*What you are asked to do*. Please write out exactly the lines from the one with "Stříhací strojek 4v1" through the end of the data below, both ends included, and omit any pictures.

*Provided data*.
*** Block opens ***
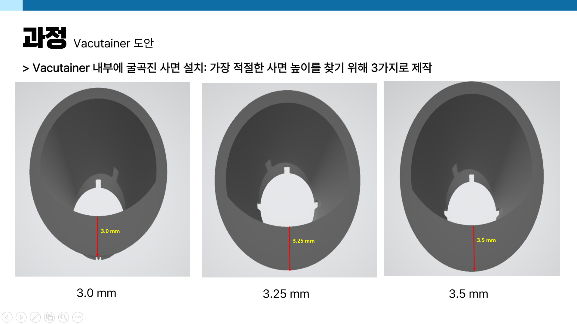 채혈을 중심으로 아이디어를 고안하였으며, 진공 채혈관 사용의 어려움을 해소할 수 있는 제품을 제작하고자 하였습니다. 아이디어를 기반으로 제품 디자인을 진행한 후, 기존 바큐테이너에 보조 사면을 추가하고 조절이 가능한 헤드를 제작하였습니다. 홀더 본체에 이격을 새겨 힘을 주면 돌아가 바늘 사면과 홀더 내부 사면을 맞출 수 있도록 하였고, 힘을 주지 않으면 돌아가지 않도록 설계하여 채혈 중 사면이 돌아가는 문제를 방지하였습니다. 또한, 애니팔 실험을 통해 채혈자 시점에서 혈액량을 확인할 수 있는 눈금을 튜브에 새겼습니다. 이를 바탕으로 수정한 도안을 전문가에게 전달하여 전반적인 평가 및 의견, 제작 의도와의 부합성, 사업성 등을 자문받은 후 1차 시제품을 제작하였습니다. 이후 시뮬레이션을 통해 1차 시제품을 보완하여 2차 시제품을 제작하고, 타 학년을 대상으로 시제품 사용 및 설문조사를 시행하였습니다.
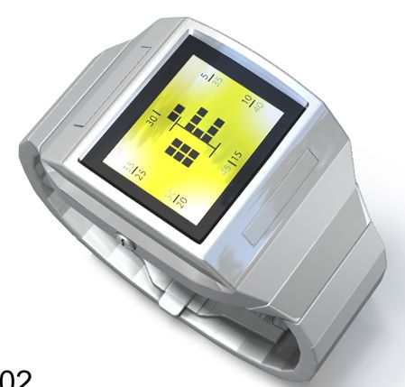 A concept with an always on LCD display and user selectable LED backlighting. The hour is shown in digits in negative space in the center of the display, minutes are shown by the ring of blocks surrounding the digits. The first rotation of minutes in positive blocks to 30 minutes, then the second rotation in negative blocks to 60. There are markings to help indicate the current position.
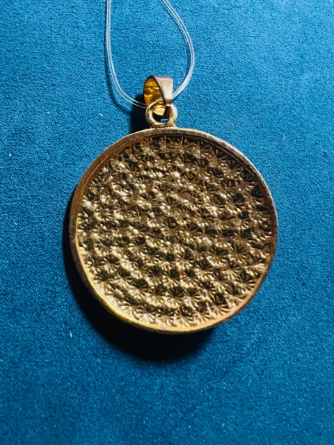 Elle est en métal doré. Avec le temps, ou l’acidité de la peau elle peu finir par devenir argenté… Sa fabrication est artisanal.
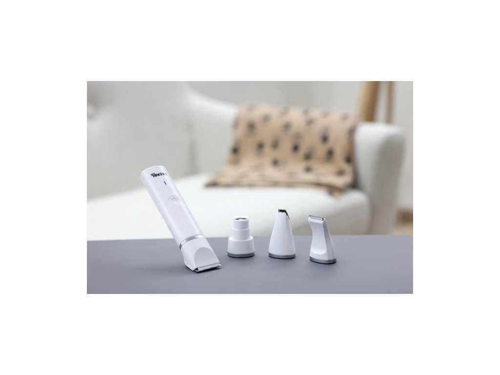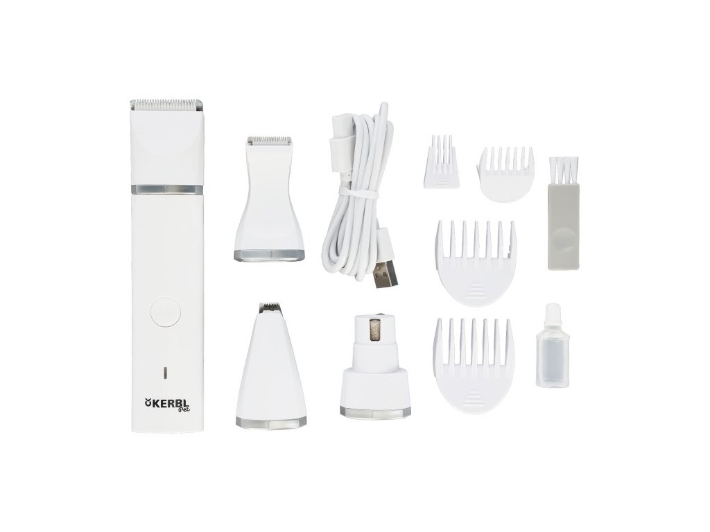 Stříhací strojek 4v1 pro psy a kočky s nástavci pro stříhání, holení a broušení drápků. Sada obsahuje stříhací hlavice pro stříhání větších ploch, holení menších, i detailní odholování a brusku na drápky. Strojek na stříhání psů 4v1 je ideální i pro těžko přístupná a citlivá místa jako jsou tlapky, obličej nebo uši. Hlavice jsou keramické a mají vynikající stříhací vlastnosti. Brusný kotouček je z oceli s diamantovým povrchem a má bezpečnostní kryt. Tento strojek na psy má výkonnou baterii a snadno dobíjí pomocí přiloženého USB kabelu. Při používání je velmi tichý a má nízké vibrace, aby zvířata zbytečně nestresoval.
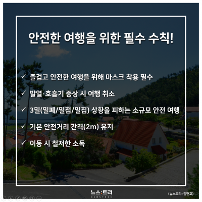 선정된 여행지들은 모두 방문객 출입과 동선을 고려한 생활속 거리두기를 철저히 준수하고, 환기 및 소독, 방역관리자 배치 등 모든 공간과 시설들을 방역시스템에 맞춰 철저히 관리하게 된다.
*** Block closes ***
*Completed task*.
 Stříhací strojek 4v1 pro psy a kočky s nástavci pro stříhání, holení a broušení drápků. Sada obsahuje stříhací hlavice pro stříhání větších ploch, holení menších, i detailní odholování a brusku na drápky. Strojek na stříhání psů 4v1 je ideální i pro těžko přístupná a citlivá místa jako jsou tlapky, obličej nebo uši. Hlavice jsou keramické a mají vynikající stříhací vlastnosti. Brusný kotouček je z oceli s diamantovým povrchem a má bezpečnostní kryt. Tento strojek na psy má výkonnou baterii a snadno dobíjí pomocí přiloženého USB kabelu. Při používání je velmi tichý a má nízké vibrace, aby zvířata zbytečně nestresoval.
 선정된 여행지들은 모두 방문객 출입과 동선을 고려한 생활속 거리두기를 철저히 준수하고, 환기 및 소독, 방역관리자 배치 등 모든 공간과 시설들을 방역시스템에 맞춰 철저히 관리하게 된다.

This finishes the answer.